Les scientifiques qui ont coordonné cet avis (Jean-François Bach, Olivier Houdé, Pierre Léna et Serge Tisseron) tentent de répondre à ces questions que bien des adultes, parents, enseignants, animateurs multimédia, médecins et personnels de santé, associations, institutions se posent :
“Quels sont les risques de dépendance ou de phénomènes régressifs chez un enfant face aux écrans ? Quelle est la place des tablettes interactives et autres nouveaux supports dans l’apprentissage et la transmission des savoirs ? Avec quel impact sur les relations enfant-adulte ? Comment réguler l’accès aux écrans sans l’interdire ? Les jeux vidéo et les réseaux sociaux peuvent-ils être bénéfiques aux adolescents ?”

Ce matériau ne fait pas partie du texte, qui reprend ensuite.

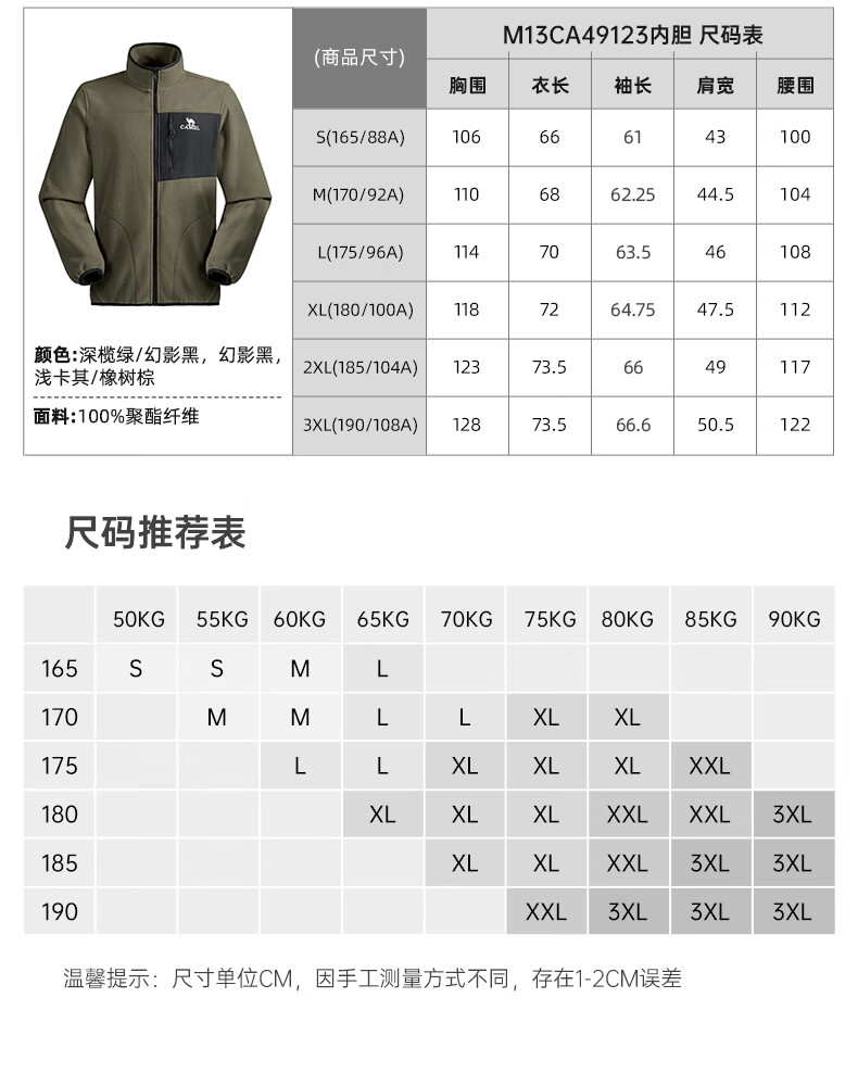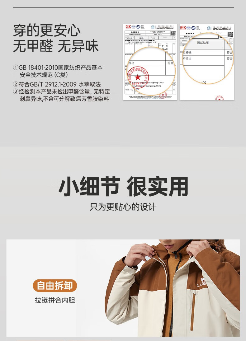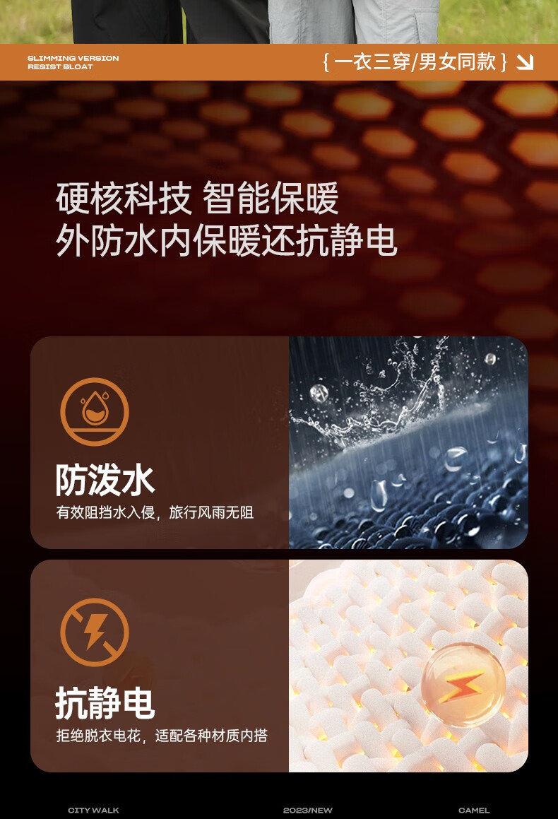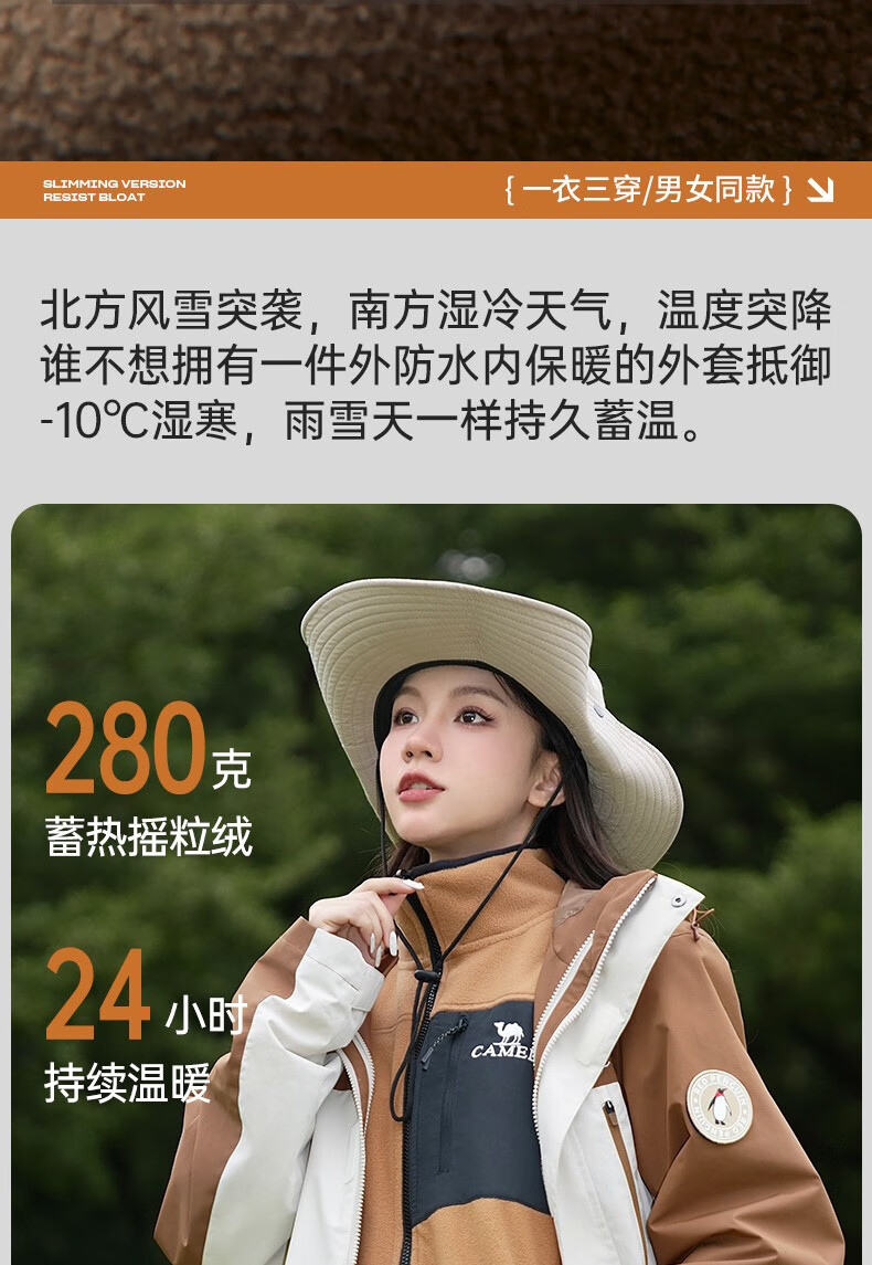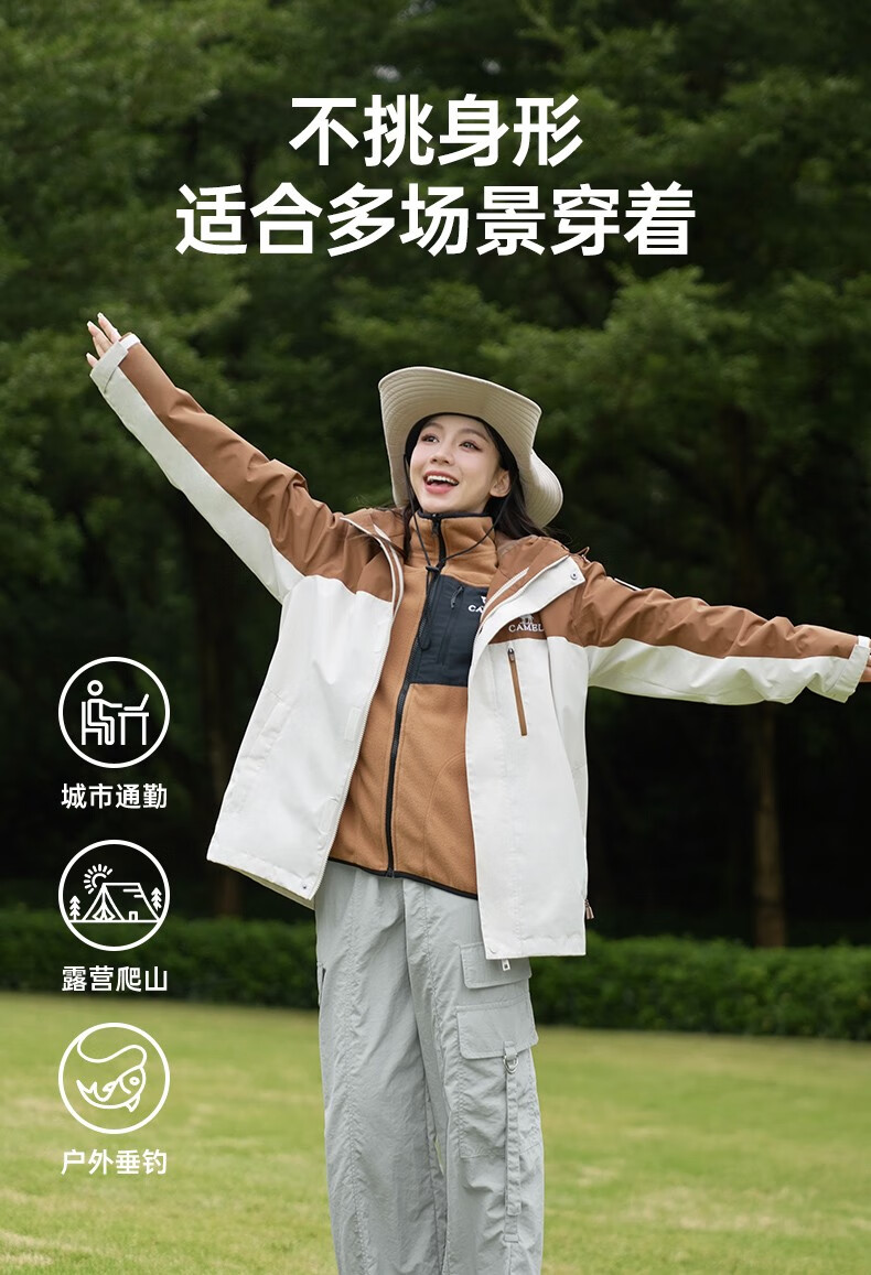 骆驼夹克男女款三合一外套加厚户外防风登山服秋冬季M13CA49123

Culture des écrans : analyses et conseils
De cette nouvelle culture des écrans de la petite enfance la fin de l’adolescence, l’Académie a rendu un Avis, assorti de 26 recommandations, sur les effets de l’utilisation des technologies par les enfants. Cet avis L’Enfant et les écrans est librement téléchargeable en pdf (124 pages, dans une version non imprimable) et est en parallèle édité en version papier aux Éditions Le Pommier : L’enfant et les écrans : un Avis de l’Académie des Sciences (140 pages, 19 EUR) accompagné par l’ouvrage module pédagogique destiné aux enseignants de l’école primaire : Les écrans, le cerveau… et l’enfant par Elena Pasquinelli, Gabrielle Zimmerman, Béatrice Descamps-Latscha et Anne Bernard (216 pages, 19 EUR).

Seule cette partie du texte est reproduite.